30 de outubro de 2008

Uma elegia de quarta-feira


Na sala fria que passo o dia
Preciso aprender a ficar calado
Como um avestruz no deserto.

Na sala de janela de vidro
Fico invisível na cortina
E transparente na paisagem.

No ambiente onde trabalho
Mãos de mulheres novas
Cheias de ternura e solidão.

Nos corredores de labirintos
Não sou poupado das aflições
Oferecem-me absinto e veneno.

O vento não abafa as palavras
Que são proferidas contra mim
Nos entremeios do fim do dia.

As ciladas que armaram
Naquela sala sempre fria
São velozes como águias do céu.

Na sala fria onde trabalho
Não há sombra, luz, cor
Nem o atlântico nem o pacífico.

Em pleno horário de verão
A sala muito ampla fica cada dia
Mais fria, infalível e resplandecente.

E aquilo que eu não posso fazer
Deixo reteso o arco com suas setas
Para o alvo oculto dentro do meu coração.

Na sala fria caçam-me como um pardal
Mudo, calado sem nenhum canto
Invadindo as árvores, os muros e as ruas.

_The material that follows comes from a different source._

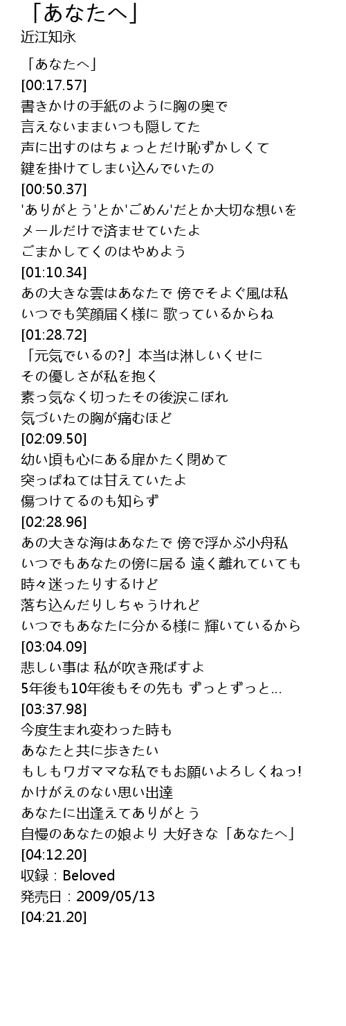 | [04:03.87] | 自慢のあなたの娘より 大好きな「あなたへ」 |

Na sala fria de paredes brancas
Espreitam contra os meus passos
E distorcem as palavras dos meus lábios.

Na sala sem cheiro, sem gás e sem pó
Vejo o fim que se aproxima
Como uma estrela do hemisfério sul.

Na sala fria tenho que ficar impávido
Entre sombras embriagadas e gasosas
Sem poder, sem paixão e sem alma.

Nesta sala fria não cabe nada
Nem a minha voz de sangue e estridente
Nem meus cabelos alvos: “aqui não ficarão”.